The auto insurance category has soared fourfold since 1999 to $458.5 million in 2006, Coen says. "Despite what you're hearing about the Internet, they're spending most of their money in television." In fact, auto insurance advertisers spent only 4 percent of those budgets online and 83 percent on television advertising.

Like his boss, Interpublic's Michael Roth, Coen may have hit on the fundamental paradox taking place in the media economy. While online has emerged as a super efficient marketing platform, it is - with the exception of search - not expanding as rapidly as its supposed effectiveness would suggest. The reason, as Isobar's Fay points out, is that it is far more cost effective than traditional media, and when marketers shift money online, it simply goes a longer way.

That's something Steve Fredericks, the president of ad tracking and forecasting firm TNS Media Intelligence, has begun to notice also.

Fredericks believes the relative cost effectiveness of online marketing is slowing down the medium's growth - as well as the overall expansion of the advertising economy - because marketers are simply getting a bigger bang for their buck. He says that may help explain why big marketers - the nation's 50 largest advertisers - are lagging behind their smaller counterparts in online spending growth.

And while nobody knows for sure, this efficiency effect may have something to do with the relative slowdown of the advertising industry, which until a couple of years ago, had been tracking the overall growth in the economy. For the past two years, ad spending has trailed economic growth.
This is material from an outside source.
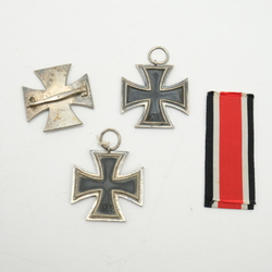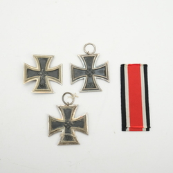 | Omschrijving | Lot van drie Ijzeren kruizen: Eén eerste klas, 1939, met lint en twee tweede klas, 1939, met hangoog |

Making this shift all the more puzzling is that it comes at a time when big corporations have been generating strong, sustainable profits, a trend that normally fuels a rapid expansion of the advertising economy.

New Ad Models

While the ad economists scratch their heads on the impact the shift toward a digital media is having on the industry's fundamentals, WPP's Sorrell has begun warning of an equally profound change that could be occurring in the way Madison Avenue participates in that growth. While this one's not being caused by his "freinemy" Google, it is being driven by the same digital economics.

New online media buying systems such as Spot Runner, a company WPP, Interpublic, and CBS have invested in, could dramatically change the way WPP's advertising agencies and media shops do business.

During a recent meeting with WPP's senior management team, Spot Runner president and CEO Nick Grouf demonstrated the ease of use of the automated, online system, creating an ad for WPP client Century 21 and doing the job of a planner and buyer in a few minutes, all on a personal computer.

"Nick made an ad, planned it, and bought it in front of people in five minutes," Sorrell recalls. When Sorrell asked Grouf whether the same process could be scaled for big advertisers, Grouf told him it could. "You could see the blood draining away from the people who run our businesses," Sorrell says.